BEIJING (Reuters) - China’s economy has halted its slowing trend, the head of the country’s powerful economic planning agency said on Saturday, adding that he was confident GDP growth would exceed 7.5 percent in 2012.
Zhang Ping, head of the National Development and Reform Commission (NDRC), was speaking to reporters on the sidelines of the 18th Communist Party Congress which is meeting to chose a new leadership.
“Signs of stabilization in the economy were getting more obvious in October. We are fully confident that we can achieve the economic growth target for this year. In other words, we are able to maintain economic growth of above 7.5 percent,” he said.
China’s economy strode further along the road of recovery from its slowest growth in three years, data for October showed on Friday, as infrastructure investment accelerated and output from factories ran at its fastest in five months.

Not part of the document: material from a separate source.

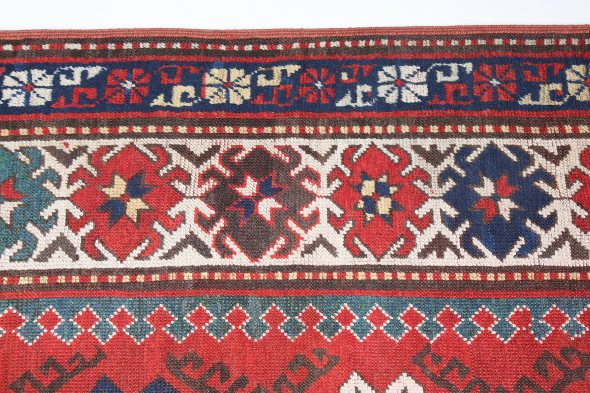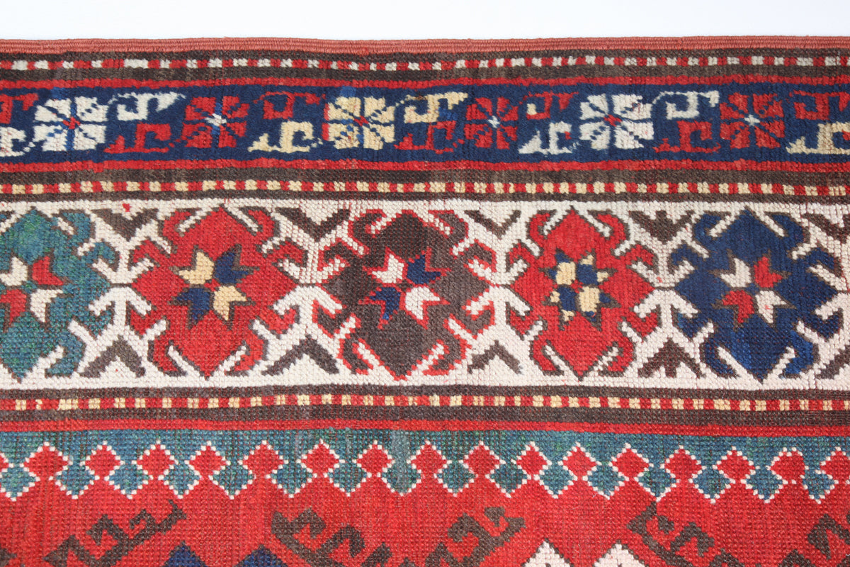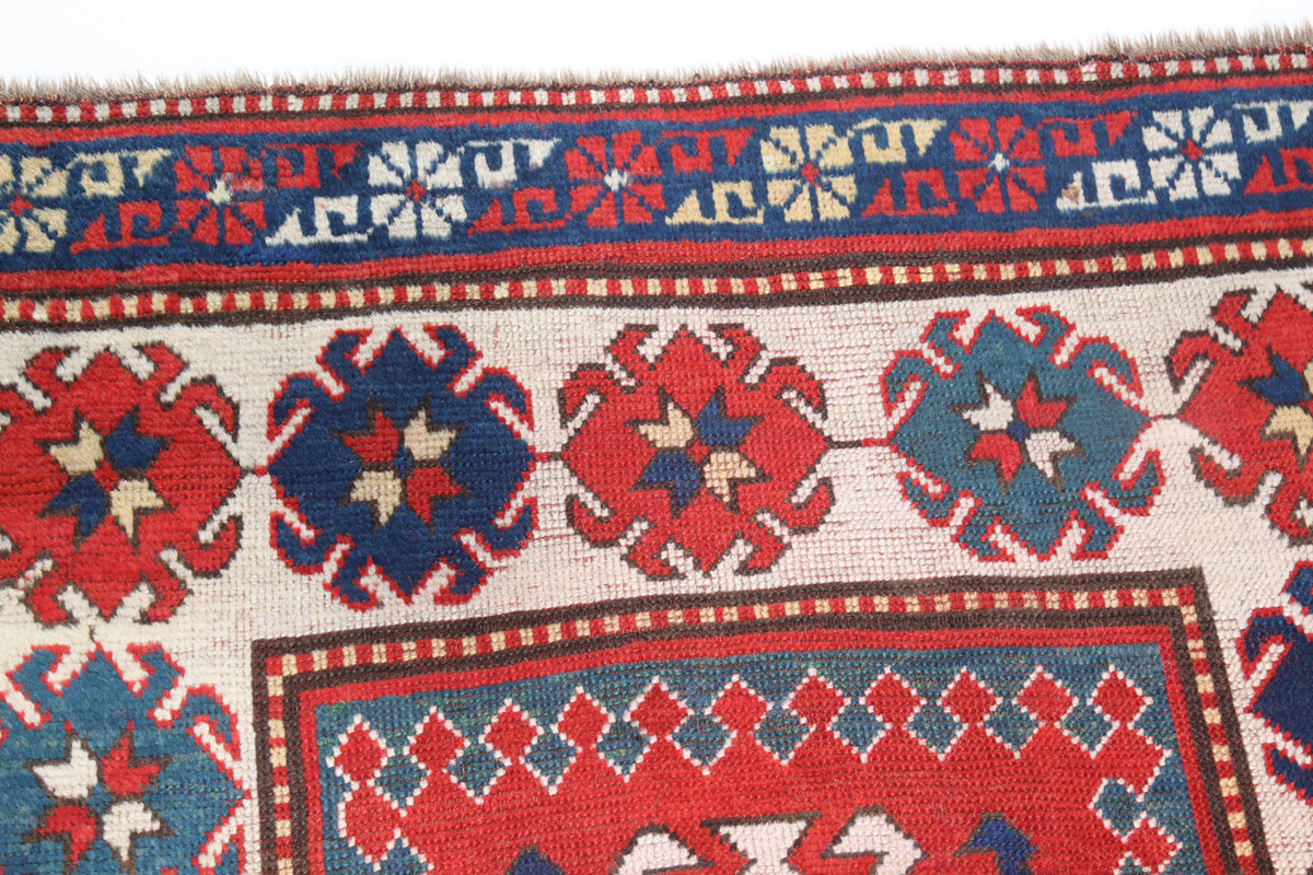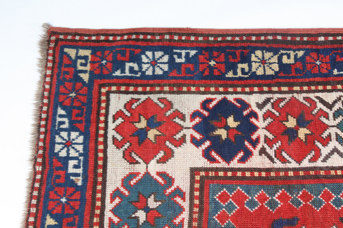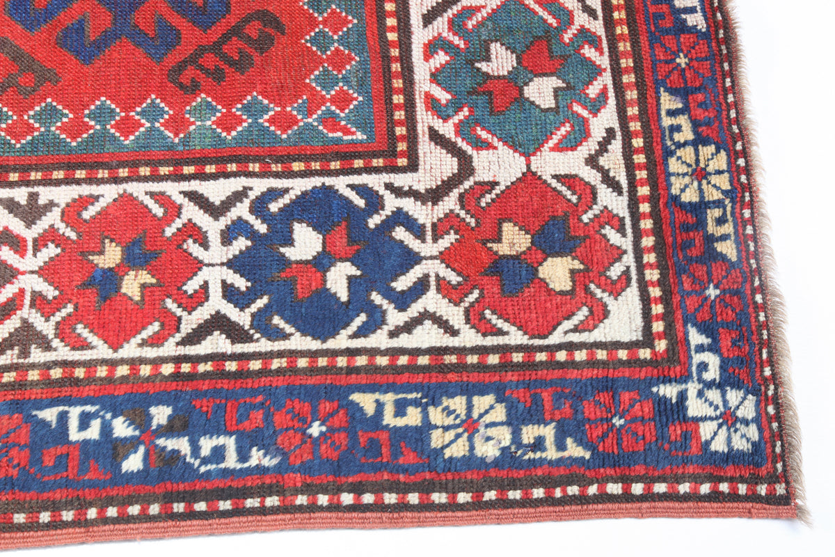 Most of our tribal rugs like this Bordjalo Kazak were woven in the late 19th century along the western coast of the Caspian Sea—an area bordered by the Black Sea and Turkey to the west and Russia to the north—reflects a rich weaving heritage. Woven with hand-spun wool and naturally derived vegetable dyes, this region was historically celebrated as a center for producing exceptional tribal rugs before the Soviet period. The motives of this rug are taken from a much earlier kilim weaving, (flat woven rug). Intricately adorned with spiritual motifs, the patterns draw inspiration from the early shamanistic traditions practiced by the Turkic peoples of Central Asia, embedding deep cultural and historical significance into each thread. This combination of artistry and symbolism not only highlights the weaver’s technical mastery but also offers a tangible connection to the region’s ancient spiritual heritage. The symbols include amulets, dragons, love-birds, and celebrations of significant life events such as weddings or childbirths. The prominent border features beetles symbolizing power, while the outer edge is adorned with running dog motifs, meant to guard against outsiders.

Data on Saturday showed China’s trade surplus ballooned to its biggest in 45 months in October as export growth darted to a five-month high above 11 percent, surpassing expectations and adding to other data that suggest a less urgent need for new economic stimulus measures.
The figures provided further signs for the country’s top policymakers meeting in Beijing to anoint new leaders for the coming decade that a long slide in economic growth may be over.
Annual economic growth slowed to 7.4 percent in the third quarter - its weakest since early 2009 - leaving the world’s second-largest economy on track to mark its most sluggish year since 1999.
But central bank head Zhou Xiaochuan cautioned on Thursday that external risks still loomed large and the People’s Bank of China has policy room to respond if necessary.
Zhang said China’s economic slowdown this year had been caused by both weak global demand and government steps to adjust economic structures to put the economy on a more sustainable footing for the future.
Government officials have said repeatedly that they intended to use a period of slowing growth to make a series of adjustments to economic policy settings, particularly around prices administered by the state, that might otherwise risk fuelling inflation.
Such reforms are regarded as crucial, both by foreign analysts and government think-tanks, if China is to maintain robust growth needed to close a yawning wealth gap and support an urbanization drive core to Beijing’s development plans.
Zhang said that inflation was stable in China. Official data on Friday showed consumer price inflation eased to its slowest pace in nearly three years in October, with the 1.7 percent rise from a year ago slower than the 1.9 percent posted in September. Economists polled by Reuters had expected it to hold steady.
Investors though have been concerned that efforts to cool the economy had been mistimed, unintentionally coinciding with a sharp slowdown in external demand with recovery in the United States remaining tepid and Europe still unable to escape its sovereign debt crisis.
Beijing has responded by fine-tuning economic policy for a year to support growth.
China has cut benchmark interest rates twice this year, lowered bank reserve ratios three times since late 2011 and made repeated, large-scale liquidity injections into the financial system, it also said in September it had fast-tracked approvals on infrastructure projects worth about $157 billion.